-- Opening Marker --
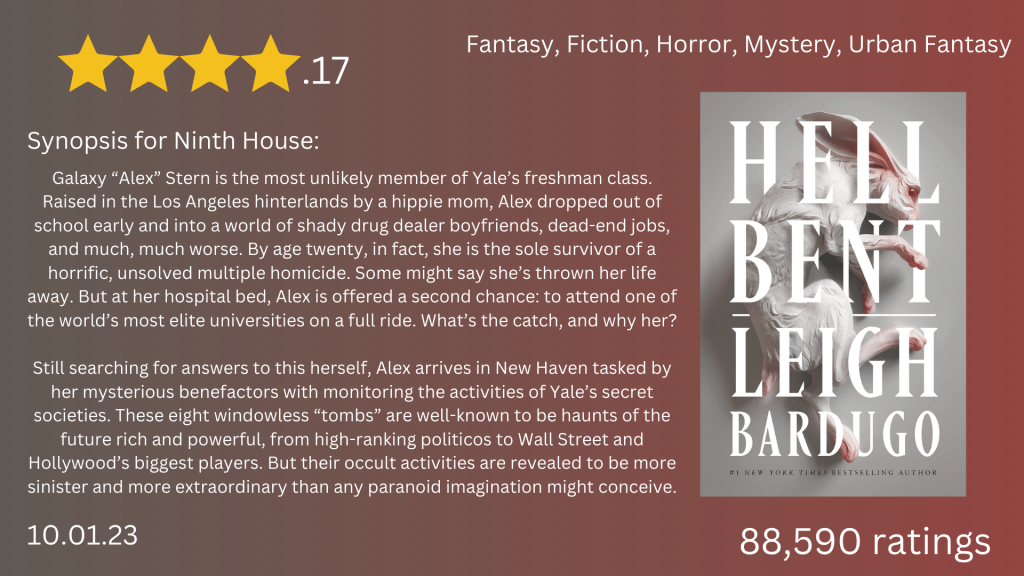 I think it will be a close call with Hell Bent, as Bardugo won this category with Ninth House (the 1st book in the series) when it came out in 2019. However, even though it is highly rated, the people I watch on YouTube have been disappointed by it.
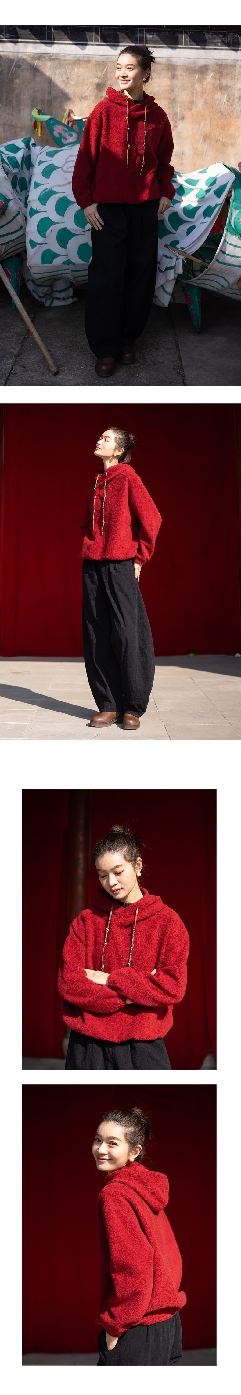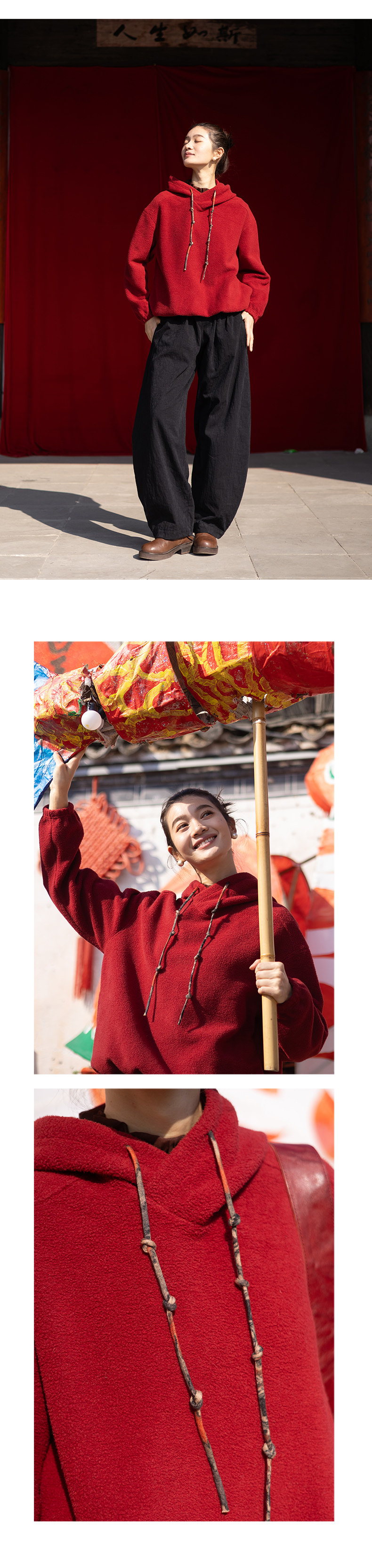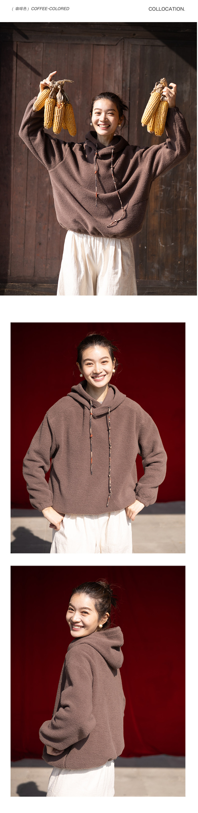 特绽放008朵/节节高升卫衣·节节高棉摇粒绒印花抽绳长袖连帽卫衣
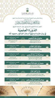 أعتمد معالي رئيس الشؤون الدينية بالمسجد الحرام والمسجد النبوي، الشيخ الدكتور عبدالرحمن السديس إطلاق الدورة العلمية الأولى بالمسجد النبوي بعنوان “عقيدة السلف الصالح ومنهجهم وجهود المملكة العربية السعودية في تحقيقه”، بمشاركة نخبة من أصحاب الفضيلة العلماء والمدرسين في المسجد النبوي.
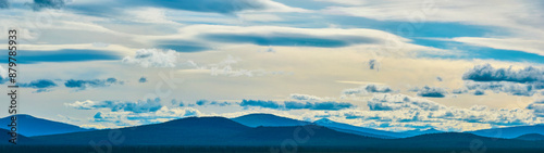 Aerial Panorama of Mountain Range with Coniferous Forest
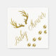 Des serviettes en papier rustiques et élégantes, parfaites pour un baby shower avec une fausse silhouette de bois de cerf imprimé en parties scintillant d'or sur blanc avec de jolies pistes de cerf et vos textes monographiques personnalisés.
-- Closing Marker --
What is the exact wording of the lines from the one bearing "特绽放008朵/节节高升卫衣·节节高棉摇粒绒印花抽绳长袖连帽卫衣" through the final line of the records above? Write it out without the pictures.

 特绽放008朵/节节高升卫衣·节节高棉摇粒绒印花抽绳长袖连帽卫衣
 أعتمد معالي رئيس الشؤون الدينية بالمسجد الحرام والمسجد النبوي، الشيخ الدكتور عبدالرحمن السديس إطلاق الدورة العلمية الأولى بالمسجد النبوي بعنوان “عقيدة السلف الصالح ومنهجهم وجهود المملكة العربية السعودية في تحقيقه”، بمشاركة نخبة من أصحاب الفضيلة العلماء والمدرسين في المسجد النبوي.
 Aerial Panorama of Mountain Range with Coniferous Forest
 Des serviettes en papier rustiques et élégantes, parfaites pour un baby shower avec une fausse silhouette de bois de cerf imprimé en parties scintillant d'or sur blanc avec de jolies pistes de cerf et vos textes monographiques personnalisés.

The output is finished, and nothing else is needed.